El Tata, modelo de López Obrador.

 

Llegado a este punto debo decir que me abstuve de votar el pasado 1 de julio. Aunque estaba convencido de la imperiosa necesidad de una alternancia dado el fracaso mayúsculo del bloque PAN-PRI-PRD en las prioridades de frenar el narcotráfico y la criminalidad asociada al negocio, así como en hacer valer la justicia basada en leyes igualadoras, y asimismo veía con buenos ojos que AMLO llegara a la presidencia porque la democracia se basa en la voluntad libre de los conciudadanos, sin embargo albergaba serias dudas acerca de la cultura política del hoy presidente electo.

No me arrepiento de no haber votado.

En este momento lamento mucho que la saludable, esperanzadora expectativa de un cambio a fondo no se encamina a juzgar por los indicios más recientes, en un sentido democrático.

En efecto, la grosera mascarada de la consulta NAICM confirma que López tiene por la democracia genuina el mismo respeto que los comunistas del siglo xx tenían por la “democracia burguesa”. Su apuesta complementaria de usar a los pobres centroamericanos como misiles humanos contra “el imperio”, confirma las peores sospechas acerca de su identificación con el bloque de las dictaduras “sociales” cuyo paladín es en la Latinoamérica de nuestro tiempo el parlanchín y delictuoso Nicolás Maduro.

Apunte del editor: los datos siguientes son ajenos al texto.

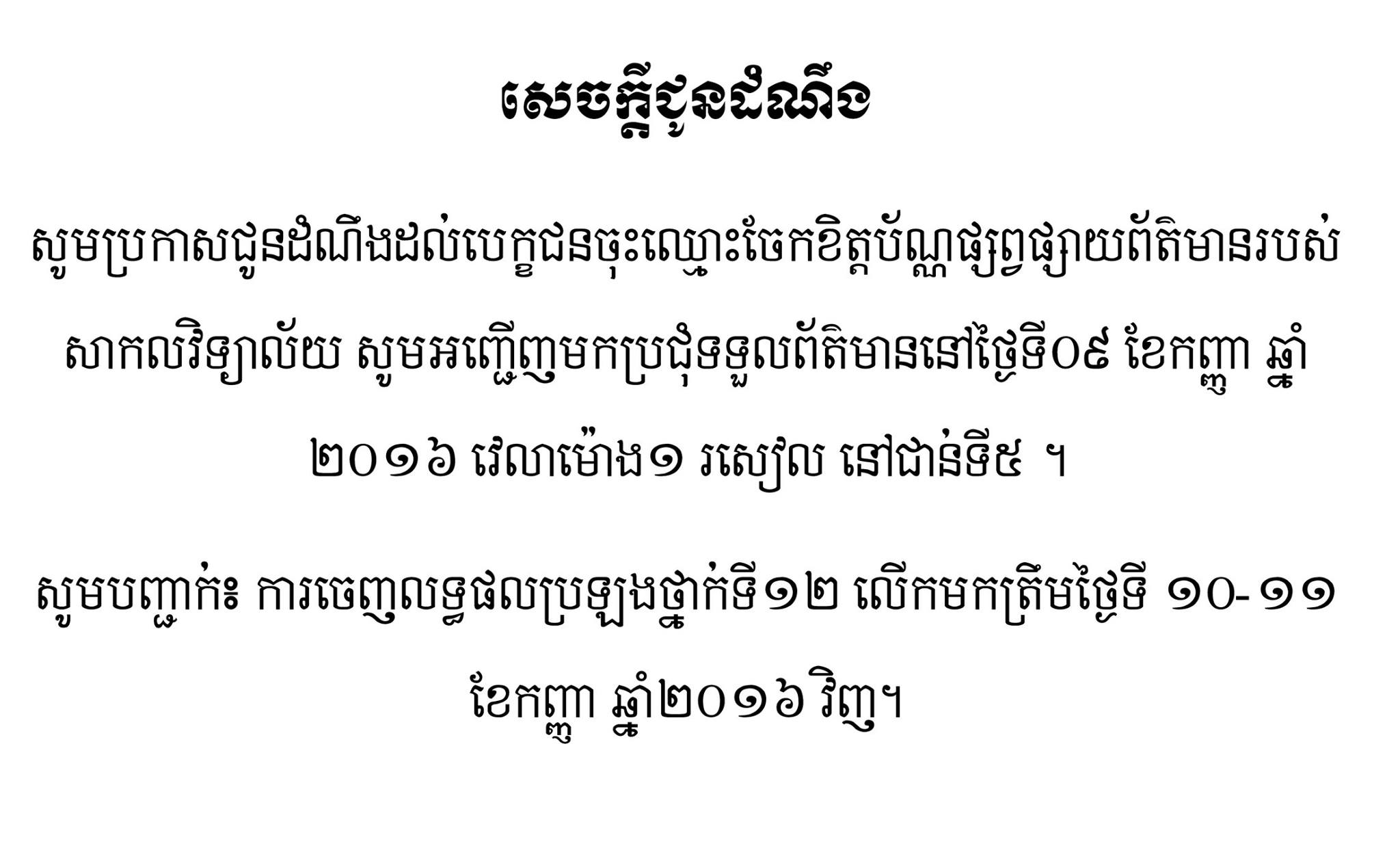 សេចក្តីជូនដំណឹង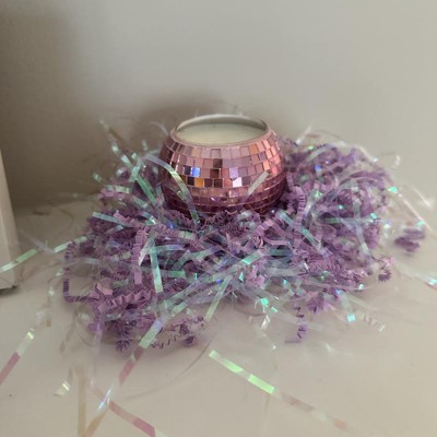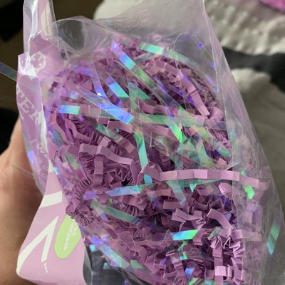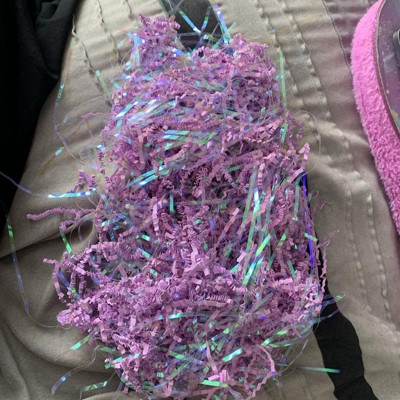 [This review was collected as part of a promotion.] This is the Spritz Easter in purple iridescent. It is a large bag of purple paper shreds and iridescent clear plastic shreds. This is really nice because the paper adds a lot of volume but the glittery iridescent makes sure your display will shine and stand out. When I have this featured candle lit the display shines on my walls and ceiling and makes the grass glimmer. This comes at a great value as you can spread out the grass for multiple uses. I received an incentive to write this review.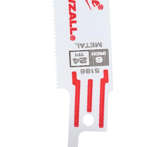 These Thin Kerf SAWZALL Reciprocating Blades are fashioned with Tough Neck ribs designed to strengthen the blade tang and minimize breakage, giving your machine superb metal-cutting ability. Double Duty tooth construction makes these 6 in. 24 TPI blades highly resilient in rugged applications, delivering straight, controlled cuts on the stiffest metals. A thin body and short profile deliver fast, flexible cuts on beams, pipes, bolts and more.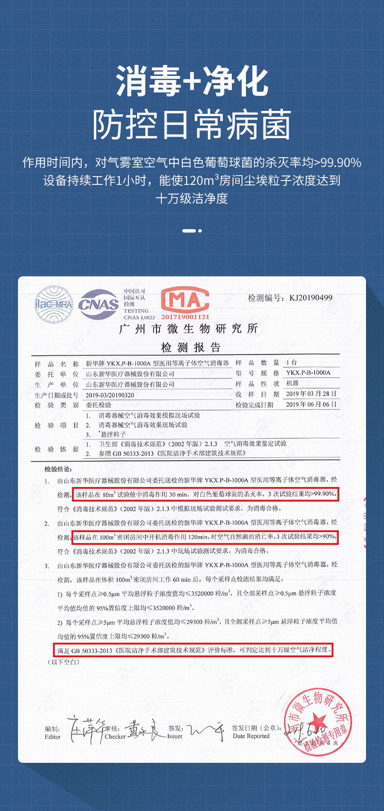 新华医疗(shinva)等离子体空气消毒器 医用空气净化器 消毒机家用杀菌可移动壁挂除异味 移动式/PY1000AD 自营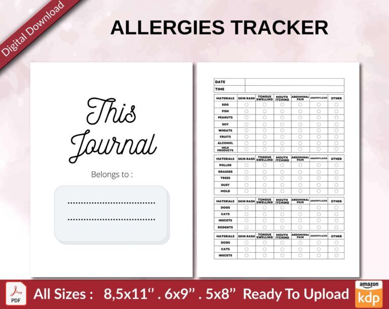 Stay on top of your allergies with our tracker! This log book is perfect for anyone who wants to keep track of their allergy symptoms and triggers. With 120 pages of ready-to-upload PDF for KDP, this log book is available in 6×9, 8.5×11, and 5×8 sizes for low content planner or log book. It’s perfect for personal use or for commercial use.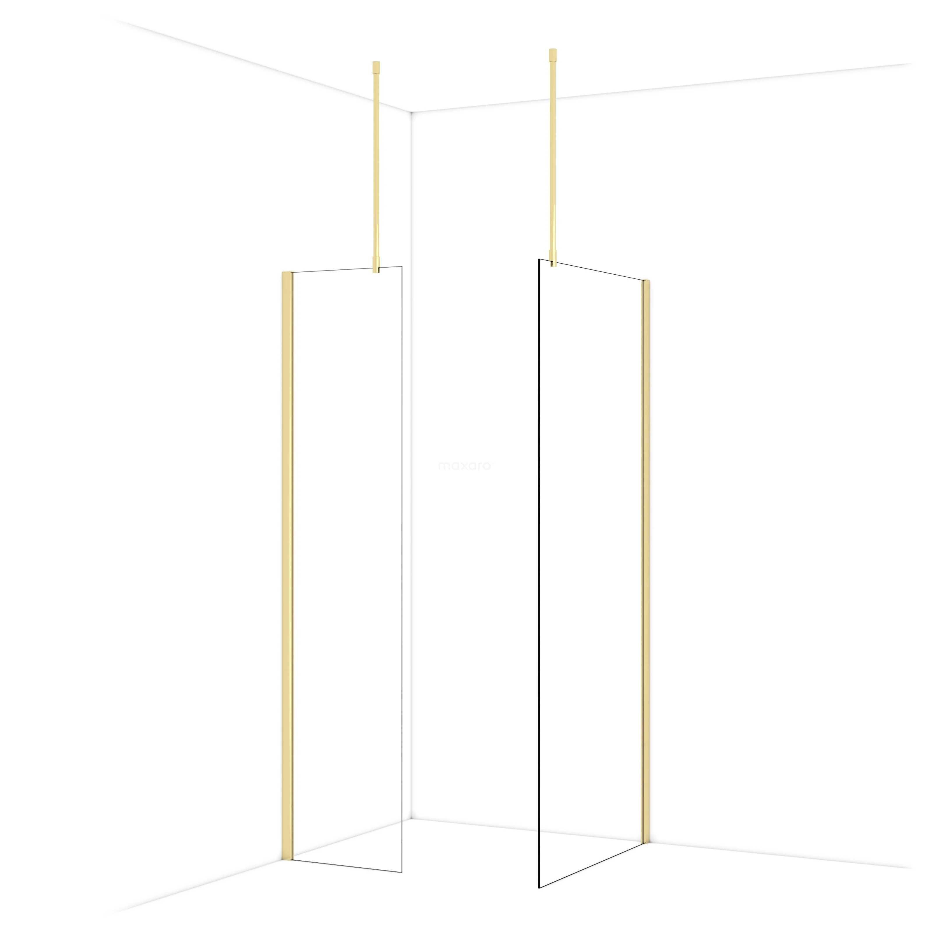 Diamond begehbare Dusche | 90x50 cm Glänzendes Hellgold 2 feste Wände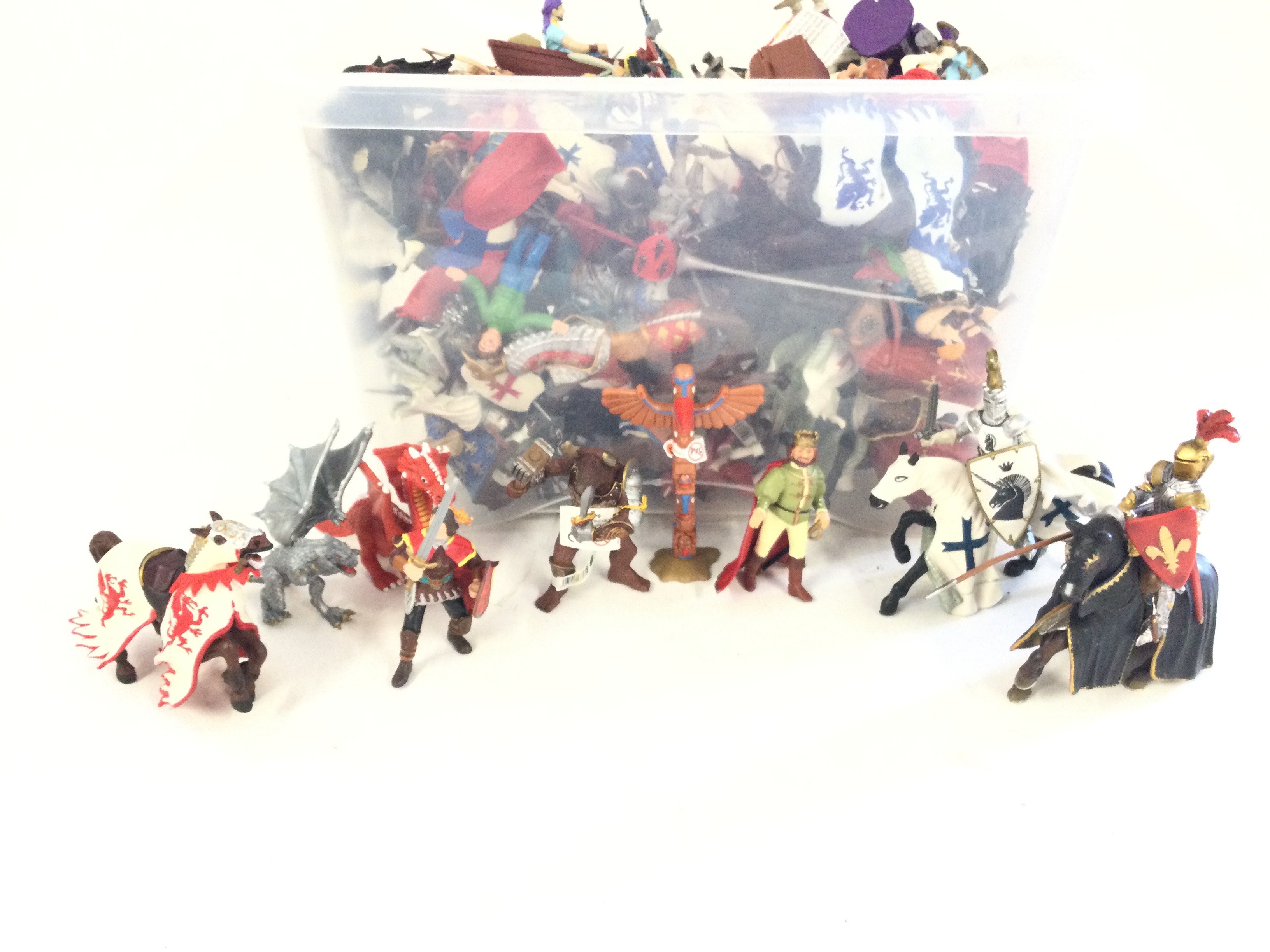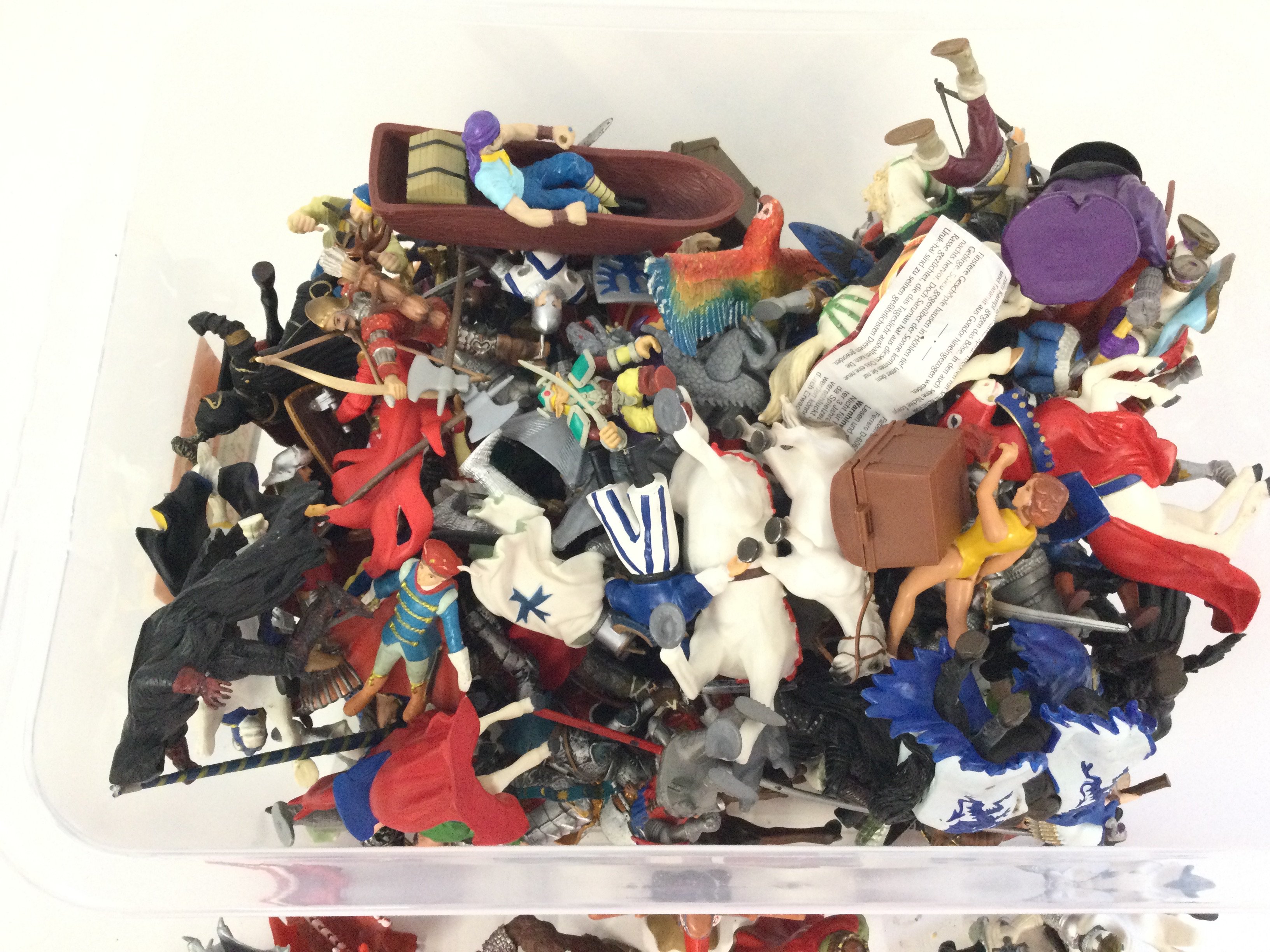 A box containing a quantity of toy figures. Mostly of knights. Horses and associated.

Entristece advertir que el México que el 1 de julio protagonizó una gallarda rebelión pacífica contra la asfixiante partidocracia, podría comprobar en carne propia el apotegma según el cual a diferencia del cuerpo humano que llegado a cierto punto colapsa y muere, el cuerpo social siempre puede enfermar un poco más, interminablemente.

Ahora la pregunta es: ¿así mismo como la consulta del NAICM estarán elucubrando López tercero y sus cuates hacer el referéndum de mitad de sexenio? Si les ganara la impudicia posiblemente será aprobado López en 2021 o 2022 con un porcentaje similar a las cifras oficiales de la dictadura perfecta.